> _GIVEN DATA_:
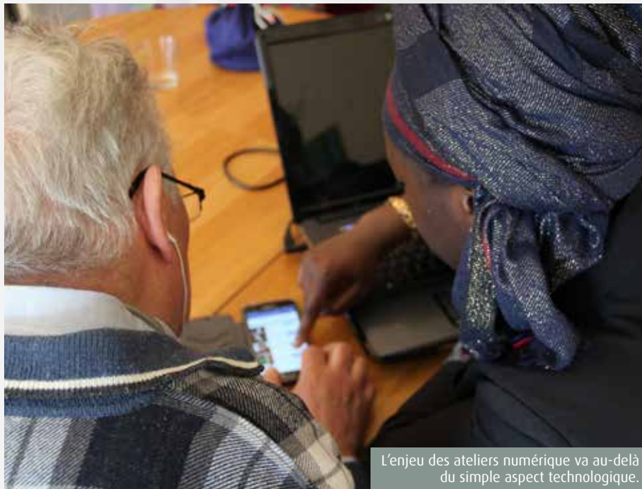
L'enjeu des ateliers numérique va au-delà du simple aspect technologique.

Parce que la maîtrise des outils numériques n'est pas intuitive pour tout le monde, les seniors sont souvent les proies faciles de l'illectronisme. Or, au-delà de la simple maîtrise d'outils technologiques, l'enjeu est sociétal.
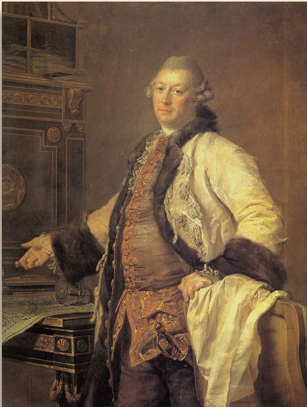
Портрет архитектора А. Ф. Кокоринова. 1769 ГРМ, Санкт-Петербург.
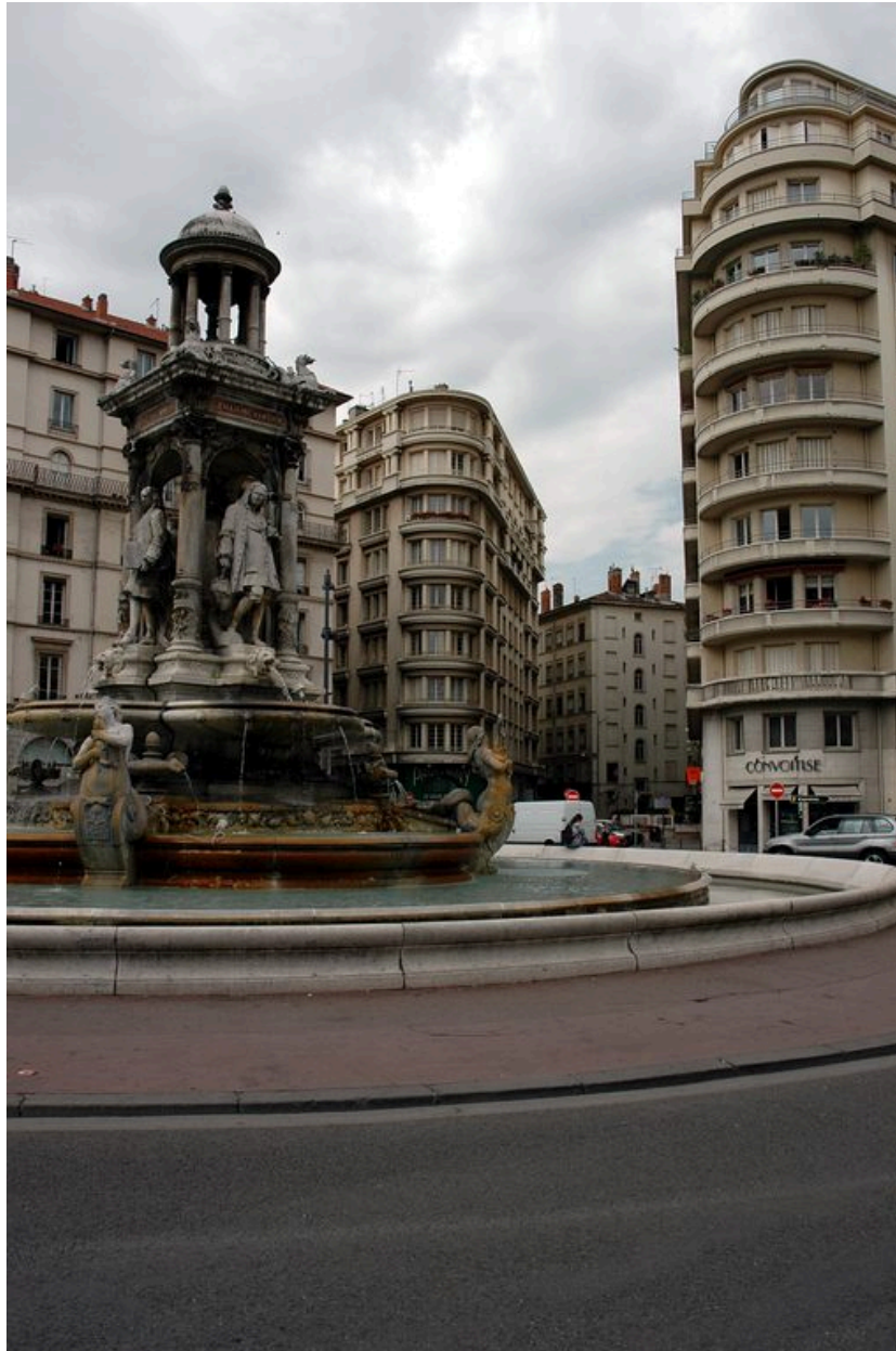
Vue de situation depuis la place des Jacobins : l'immeuble se trouve au milieu
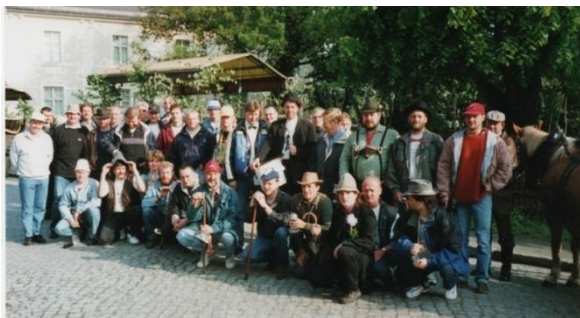
Začátek 25. turné Ascension Tour 1999
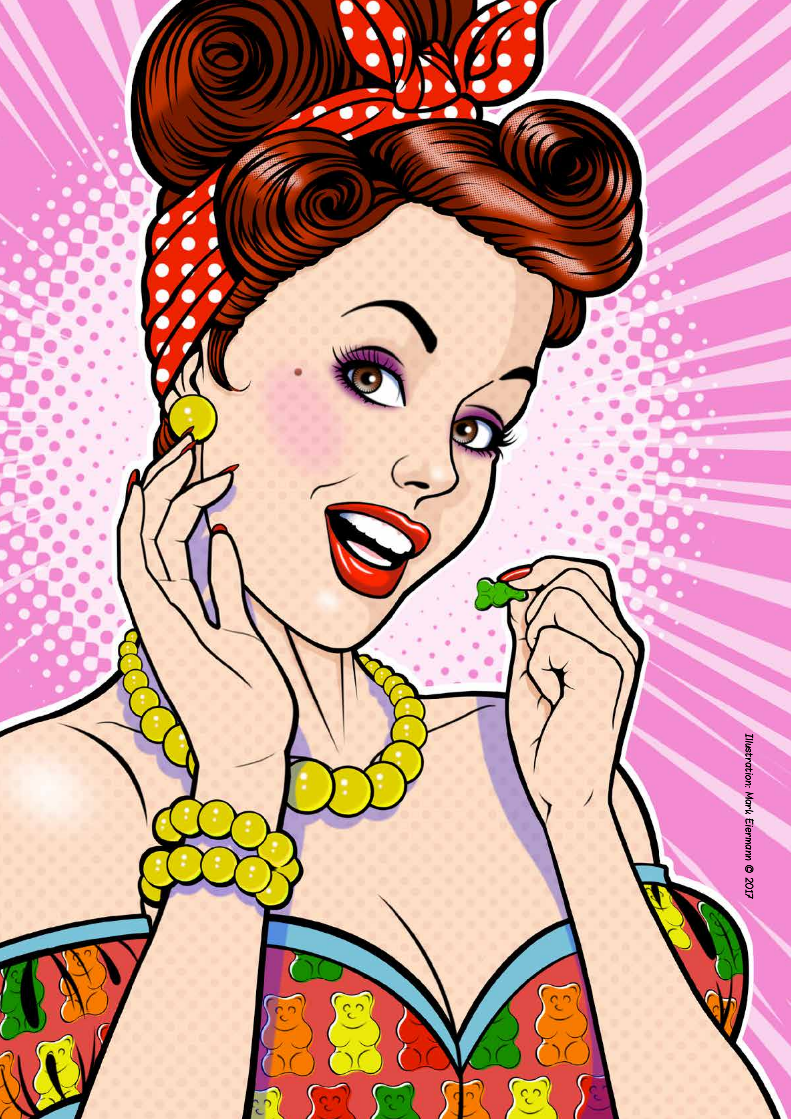
Illustration: Mark Eiermann © 2017

> _WHAT IS NEEDED_:
Write out the whole listing again, exactly, with no pictures.

> _YOUR SOLUTION_:
L'enjeu des ateliers numérique va au-delà du simple aspect technologique.

Parce que la maîtrise des outils numériques n'est pas intuitive pour tout le monde, les seniors sont souvent les proies faciles de l'illectronisme. Or, au-delà de la simple maîtrise d'outils technologiques, l'enjeu est sociétal.
Портрет архитектора А. Ф. Кокоринова. 1769 ГРМ, Санкт-Петербург.
Vue de situation depuis la place des Jacobins : l'immeuble se trouve au milieu
Začátek 25. turné Ascension Tour 1999
Illustration: Mark Eiermann © 2017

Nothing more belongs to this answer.